Exercises in Failure (Part 2): Let them trash your work

I had a professor in one of my painting classes who always gave everyone the highest mark possible. From the struggling students to the almost-pros, our grades were almost exactly the same – 100/100.

Of course, chronic absentees were another question – but the lowest they’d get was 80%. This made everyone happy as it made them feel like their work was appreciated, and that there was finally a teacher who didn’t pour her bitterness at us by trashing our work. Cool, right?

Well, no.

It seemed that our happiness was short-lived. My classmates and I stopped doing our best, knowing we were going to be rewarded with high marks anyway. Many of us even stopped showing up, content with the 80% final grade we’d get from our professor. Her attempt to encourage us actually discouraged us.

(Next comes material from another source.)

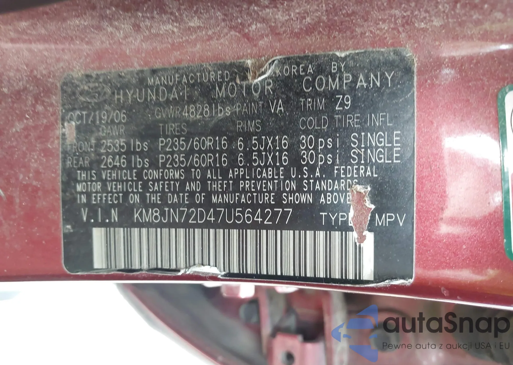 LOT: 41749618 VIN: KM8JN72D47U564277
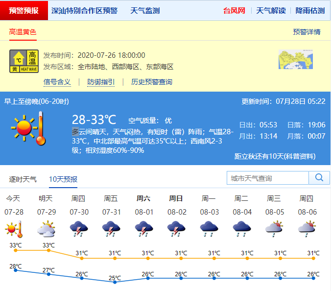 见圳客户端•深圳新闻网2020年7月28日讯 根据深圳气象局官方消息,7月28日白天多云间晴天,天气闷热,有短时(雷)阵雨;气温28-33℃,中北部最高气温可达35℃以上;西南风2-3级;相对湿度60%-90%。

After thinking about this myself and talking to my other classmates, I realized that our lack of enthusiasm came from three things:

  1. Our mistakes, weaknesses, and laziness barely had any consequences.
  2. The hardworking students weren’t happy about being rewarded on the same level as those who didn’t exert any effort.
  3. We weren’t given any direction.

Now, one could argue that there were consequences to our mistakes, including (but not limited to) artistic stagnation. Also, why would you need a teacher to give you direction? Aren’t you supposed to find that out for yourself?

First of all, students in their late teens and early twenties don’t usually look at long term, intangible consequences of their actions. Who cares about artistic stagnation at 19? Especially if you’re trying to juggle school, work, a social life, and all the drama that comes with being young and uncertain. What we needed were consequences right now. Otherwise, it’d be too late when we learn the lesson.

As for direction, being self-directed is wonderful and rewarding, but not if there’s no third party pointing out the stuff you missed because of familiarity blindness.

That’s why there are editors. The writer knows what she’s trying to do with a story, but can her readers infer this from her work? For this reason, I’ve always felt that editors were there to find the balance between the purity of a writer’s work and the ability of the reader to understand it. They’re not there just to make you feel like an untalented hack, even if they might give off that impression.

Our kindhearted professor may have had good intentions, but by giving everyone perfect praise she left out one of the most crucial elements of creative work – criticism.

Everyone who makes anything creative has to face critics. If you really can’t stand this kind of criticism, especially for the work that seems so personal to you, then you’re faced with two choices:

  1. Either do something creative and let people trash it; or
  2. look for something risk-free and painless then choose that be your life’s work instead. Just leave creative work to the masochists.

Which choice are you willing to live with?